## Your task
Starting at the first line of the listing below, retype each line up to and including the one that contains "Pinchweld Door Seal". Leave pictures out.

## Data listing
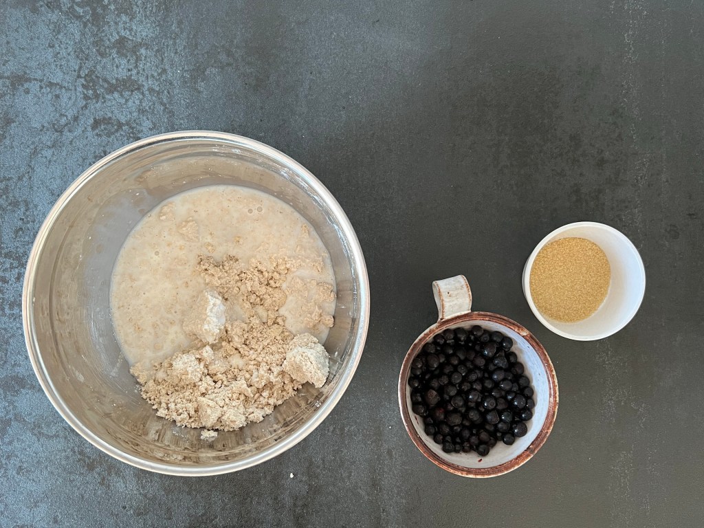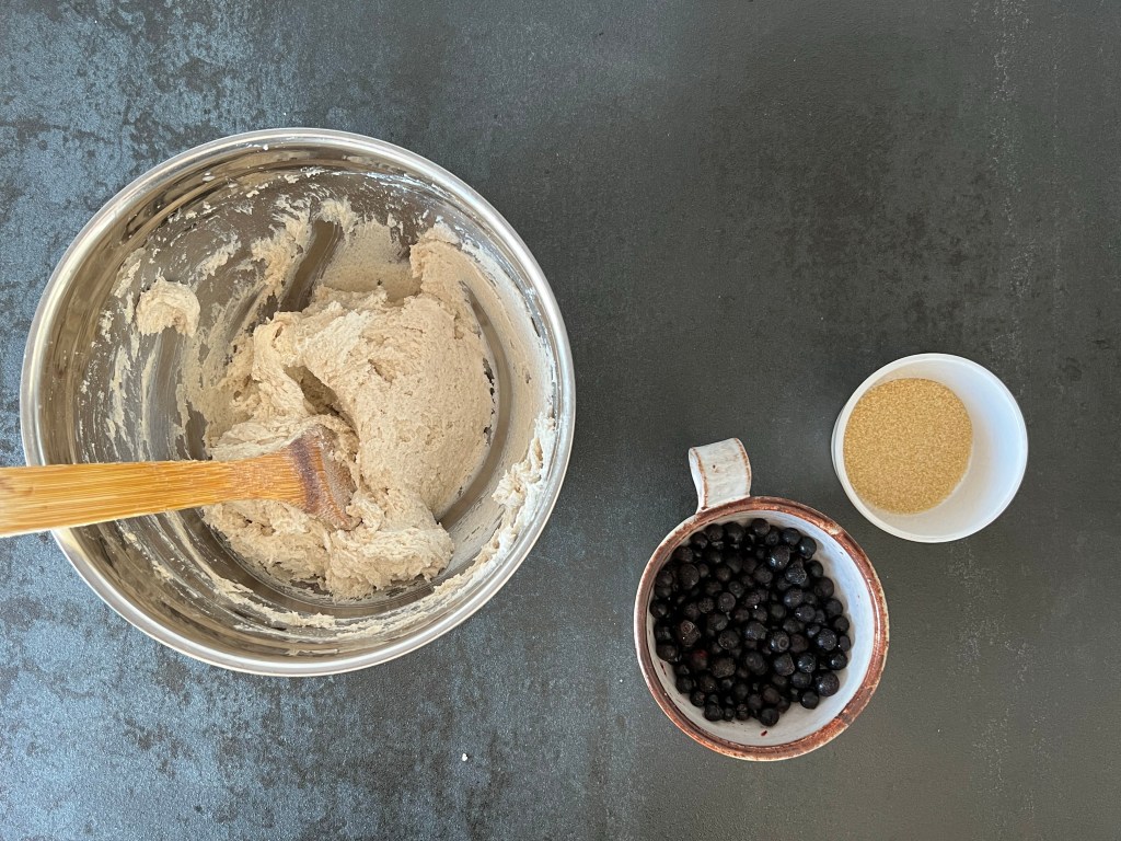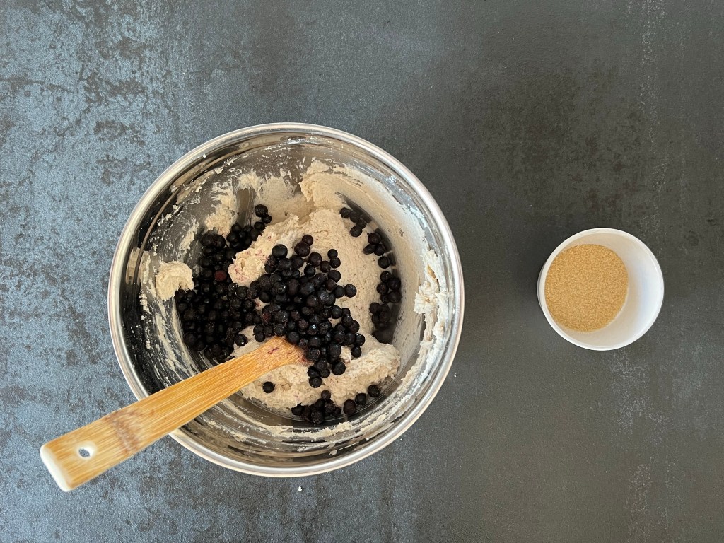 Sist tillsätter jag frysta blåbär och blandar ned i degen med träsleven. Jag brukar ha mina blåbär i frysen tills det är dags att blanda i dem i smeten, så blir det mindre blåbärssaft och kladd.
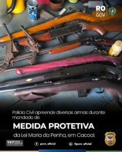 A Polícia Civil de Rondônia, por meio da Delegacia Especializada no Atendimento à Mulher (DEAM) de Cacoal, com apoio da 1ª Delegacia de Polícia de Cacoal e do Núcleo de Inteligência (NI), cumpriu mandado de busca e apreensão na residência de E.F.S., investigado por violência doméstica.
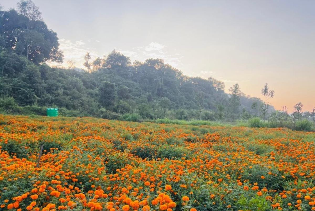 त्यसैगरी म्याग्दे गाउँपालिका–५, स्थित ठूलोखेतमा स्थानीय सुसन पौडेलले करिब चार रोपनी क्षेत्रफलमा सयपत्री फूल खेती गरेका छन् । म्याग्दे गाउँपालिकाको आर्थिक वर्ष २०८०/८१ को पुष्प खेती विकास कार्यक्रमअन्र्तगत पौडेलले पालिकाबाट प्राप्त रु ५० हजार अनुदानसहित कूल रु ८० हजारको लगानीमा सयपत्री फूल खेती गरेका हुन् । चाडपर्वका अवसरमा बर्सेनि लाखौँ रुपैयाँ विदेशिने हुँदा स्थानीय बजार र आवश्यकतालाई दृष्टिगत गरी तिहारमा खपत हुने फूल उत्पादनमा लागेको पौडेलले बताए ।
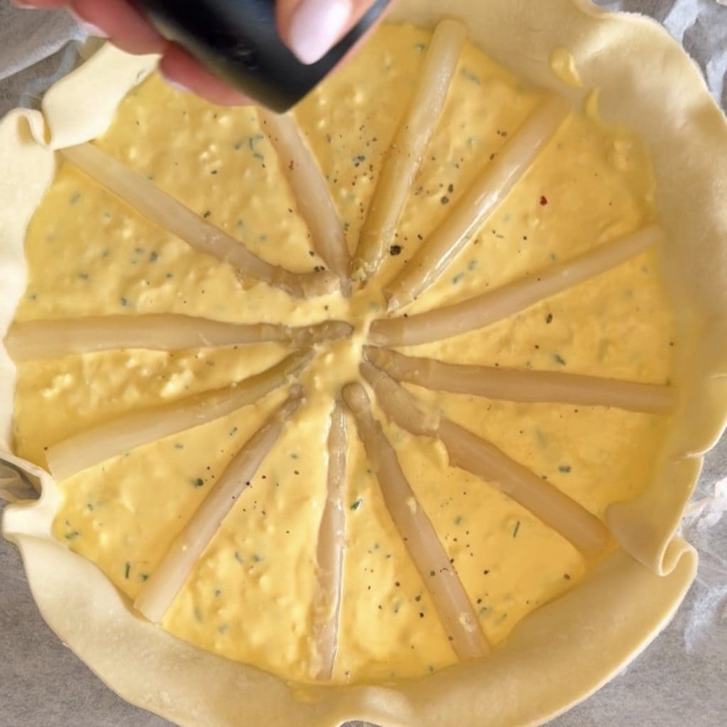 • Wanneer het gaar is, haal de Hartige taart met asperges en eieren uit de oven en serveer het warm of op kamertemperatuur.
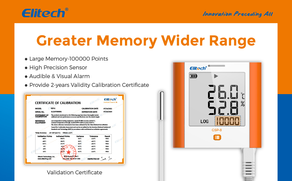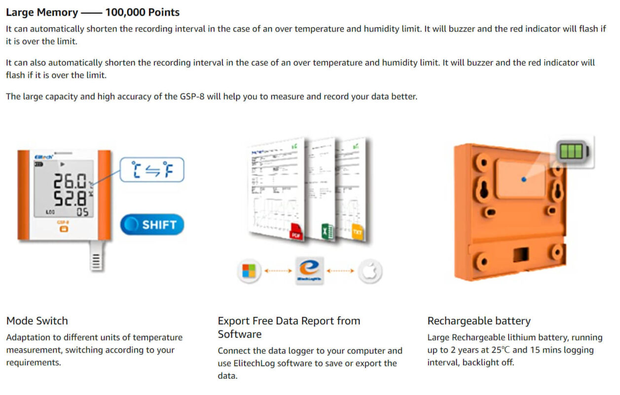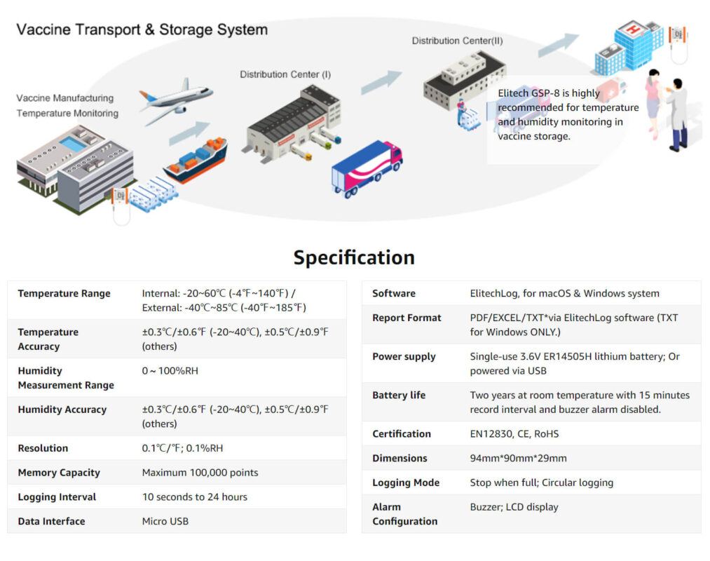 Elitech 100,000 Points Digital Temperature Humidity Data Logger Medical Refrigerator Thermometer Vaccine Fridge Temperature Monitor Max Min Average Value
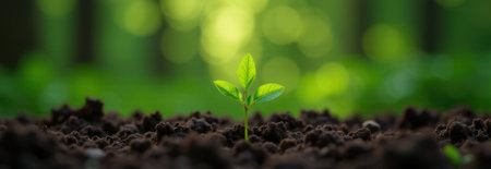 Small green plant sprouting from dark soil, symbolizing growth and renewal in natural environment. sunlight gently illuminates leaves, creating serene and hopeful atmosphere
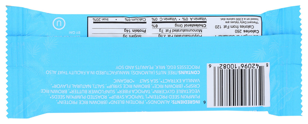 Make this light, crunchy vanilla protein bar with a touch of sweetness your new adventure snack to eat on-the-go! These 100% USDA certified organic protein bars contain almonds, roasted pumpkin seeds, sunflower butter, and 14g of brown rice and pumpkin seed protein. Invest in Aloha to invest in a healthy mind, body, and planet. Always free from: gluten, dairy, soy, stevia, and sugar alcohol sweeteners.
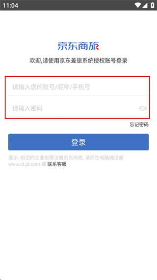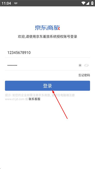 3、将账号和密码信息填写完成后,点击界面中的登录按钮完成京东商旅的登录操作。
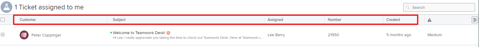 Within Teamwork Desk, you can customize which columns appear when viewing an inbox.
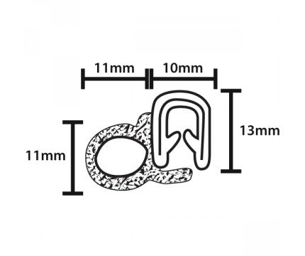 Pinchweld Door Seal with Top Bulb 11mm x 4.5mm Per Metre 10 Metres 25 Metres 50 Metres Size Per Metre 10 Metres 25 Metres 50 Metres
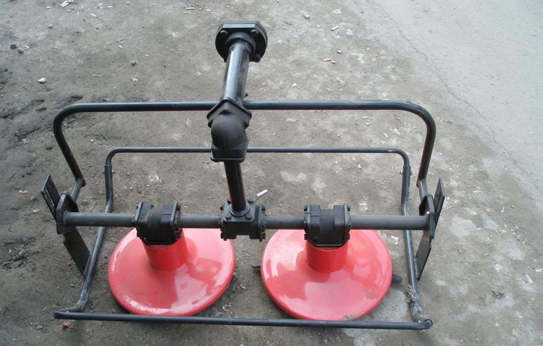 Рассматриваемое навесное оборудование агрегирует с большинством отечественных мотоблоков. Принцип работы механизма состоит в срезании травы посредством пары ножей, размещенных на дисках. Элементы закреплены свободно на шплинтах, под действием центробежной силы во время вращения выступают за кромки диска, принимая рабочее положение.
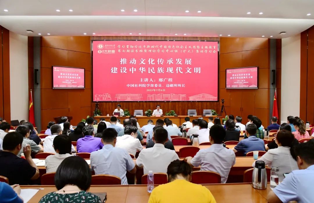 本网讯 近日,pp电子在赛罕校区信息楼报告厅举办学习贯彻习近平新时代中国特色社会主义思想主题教育第七期读书班暨理论学习中心组(扩大)集体学习会,邀请中国历史研究院中国边疆研究所所长邢广程作了题为“推动文化传承发展,建设中华民族现代文明”的辅导报告。学校党委中心组成员、全校副处级以上干部、马克思主义学院教师和学生代表聆听了报告。报告会由党委书记李树林主持。
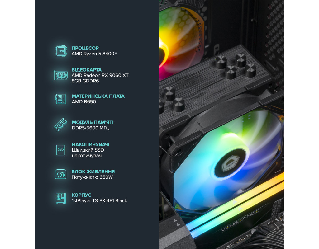 Персональний комп`ютер ASGARD Hel (A84F.32.S10.96XT.8.5973); AMD Ryzen 5 8400F (4.2 - 4.7 ГГц) / ОЗП 32 ГБ / SSD 1 ТБ / AMD Radeon RX 9060 XT 8 ГБ / без ОП / LAN / Wi-Fi / Bluetooth / Linux / чорний
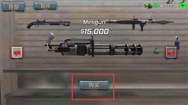 3、在武器界面选择想要的枪械,点击购买按钮,消耗对应数量的金币完成武器购买。

## Finished exercise
 Sist tillsätter jag frysta blåbär och blandar ned i degen med träsleven. Jag brukar ha mina blåbär i frysen tills det är dags att blanda i dem i smeten, så blir det mindre blåbärssaft och kladd.
 A Polícia Civil de Rondônia, por meio da Delegacia Especializada no Atendimento à Mulher (DEAM) de Cacoal, com apoio da 1ª Delegacia de Polícia de Cacoal e do Núcleo de Inteligência (NI), cumpriu mandado de busca e apreensão na residência de E.F.S., investigado por violência doméstica.
 त्यसैगरी म्याग्दे गाउँपालिका–५, स्थित ठूलोखेतमा स्थानीय सुसन पौडेलले करिब चार रोपनी क्षेत्रफलमा सयपत्री फूल खेती गरेका छन् । म्याग्दे गाउँपालिकाको आर्थिक वर्ष २०८०/८१ को पुष्प खेती विकास कार्यक्रमअन्र्तगत पौडेलले पालिकाबाट प्राप्त रु ५० हजार अनुदानसहित कूल रु ८० हजारको लगानीमा सयपत्री फूल खेती गरेका हुन् । चाडपर्वका अवसरमा बर्सेनि लाखौँ रुपैयाँ विदेशिने हुँदा स्थानीय बजार र आवश्यकतालाई दृष्टिगत गरी तिहारमा खपत हुने फूल उत्पादनमा लागेको पौडेलले बताए ।
 • Wanneer het gaar is, haal de Hartige taart met asperges en eieren uit de oven en serveer het warm of op kamertemperatuur.
 Elitech 100,000 Points Digital Temperature Humidity Data Logger Medical Refrigerator Thermometer Vaccine Fridge Temperature Monitor Max Min Average Value
 Small green plant sprouting from dark soil, symbolizing growth and renewal in natural environment. sunlight gently illuminates leaves, creating serene and hopeful atmosphere
 Make this light, crunchy vanilla protein bar with a touch of sweetness your new adventure snack to eat on-the-go! These 100% USDA certified organic protein bars contain almonds, roasted pumpkin seeds, sunflower butter, and 14g of brown rice and pumpkin seed protein. Invest in Aloha to invest in a healthy mind, body, and planet. Always free from: gluten, dairy, soy, stevia, and sugar alcohol sweeteners.
 3、将账号和密码信息填写完成后,点击界面中的登录按钮完成京东商旅的登录操作。
 Within Teamwork Desk, you can customize which columns appear when viewing an inbox.
 Pinchweld Door Seal with Top Bulb 11mm x 4.5mm Per Metre 10 Metres 25 Metres 50 Metres Size Per Metre 10 Metres 25 Metres 50 Metres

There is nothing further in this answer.